Eight Important Facts about NPD and R&D Portfolio Management

Often the tasks at hand take our focus off of the big picture. In new product development (NPD) and R&D portfolio management, there are several “givens” that may seem obvious when stated but are often overlooked. Bring your attention back to these eight tried and true ways to improve your portfolio management and increase your product development productivity.

1. Doing nothing is not an option. The biggest mistake companies make in portfolio management is to do nothing at all. A “default” portfolio seldom beats a competitor’s “proactive” portfolio, no matter how good individual project execution may be. Because your competitors are making progress, doing nothing in NPD and R&D portfolio management is very risky.

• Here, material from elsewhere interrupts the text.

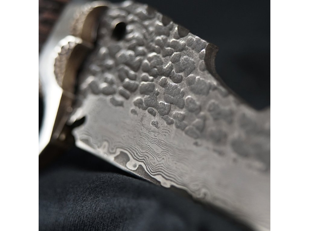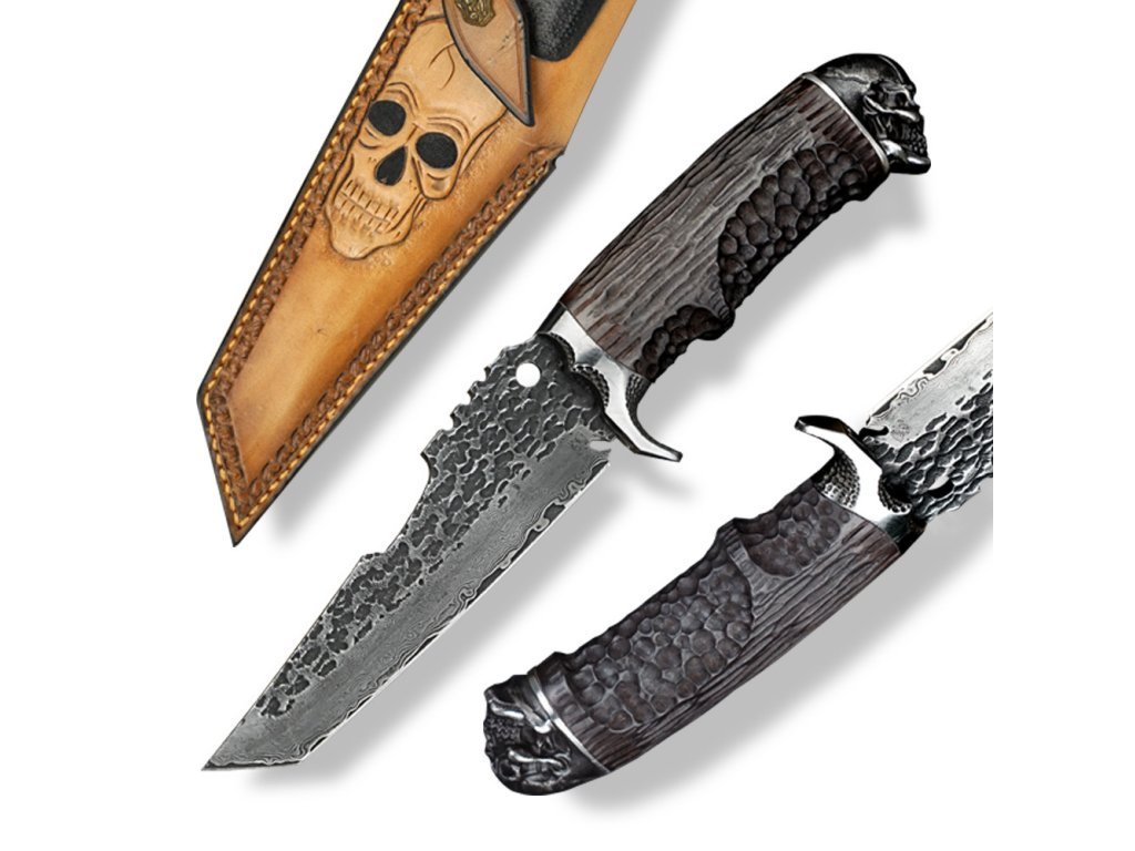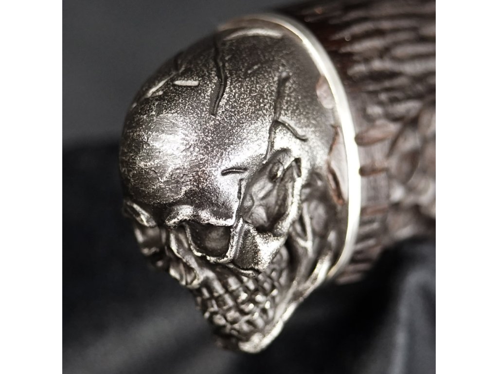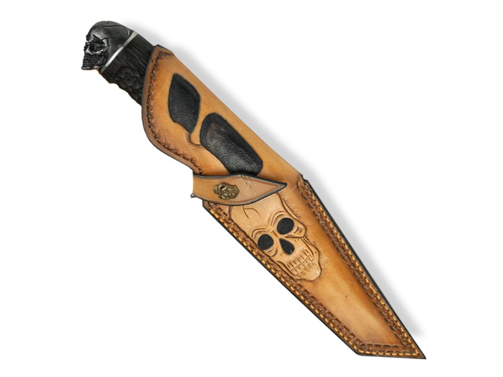 Rukojeť: Vyrobená z exotického dřeva Desert Iron-Wood, které pochází z rozsáhlých pouští v USA. Toto dřevo je těžší než voda a má přírodní barevnou variabilitu od světlého medu po jemný oranžový nádech. Rukojeť je ergonomicky tvarovaná pro pohodlný úchop a zpevněná masivním kováním s vyobrazením lebky, což dodává noži nejen praktičnost, ale i estetický prvek.

2. Data quality can be improved. Data quality is to portfolio management as location is to real estate. With good data, the value of portfolio management can be tremendous. So the converse is also true, i.e., poor data can negatively impact the value of portfolio management. But what makes portfolio data quality so much different than real estate location is that data quality can be improved. In many ways, the implementation of portfolio management can be viewed as the task of improving portfolio data quality. It is important to maintain a focus on improving portfolio data quality.

3. Improving capability maturity helps organizations optimize portfolios. Organizations must improve or “advance their capability maturity” in order to move closer to optimizing their portfolios. Management can accelerate the benefits from portfolio management by exploiting an understanding of maturity levels through specific SpiralUp™ implementation plans (Read our article, “Capability Maturity Model for Portfolio and Pipeline Management” to learn more about capability maturity and the SprialUp process). While poor implementations will create negative results that can, if left unchecked, outlast the tenure of the management teams, good implementations will secure and increase the benefits of portfolio management.

4. Improving flow management improves NPD productivity. Portfolio management must also address Project Flow Management because it is the stream of developments that matters the most. If projects are too slow, gains will be greatly diminished. Flow management requires queuing information on the duration that each projects remains within each element of the NPD process and the expected economic value of the project. A real-time dashboard of the cumulative duration-value of projects within process work elements enables smart managers to spot and address bottlenecks as they occur (see Figure 1). The better an organization is at flow management, the greater its NPD productivity. There are software systems, such as PortView™, that can assist in this process.


Figure 1: PortView:
Turning data into useable graphical views to assess project flow.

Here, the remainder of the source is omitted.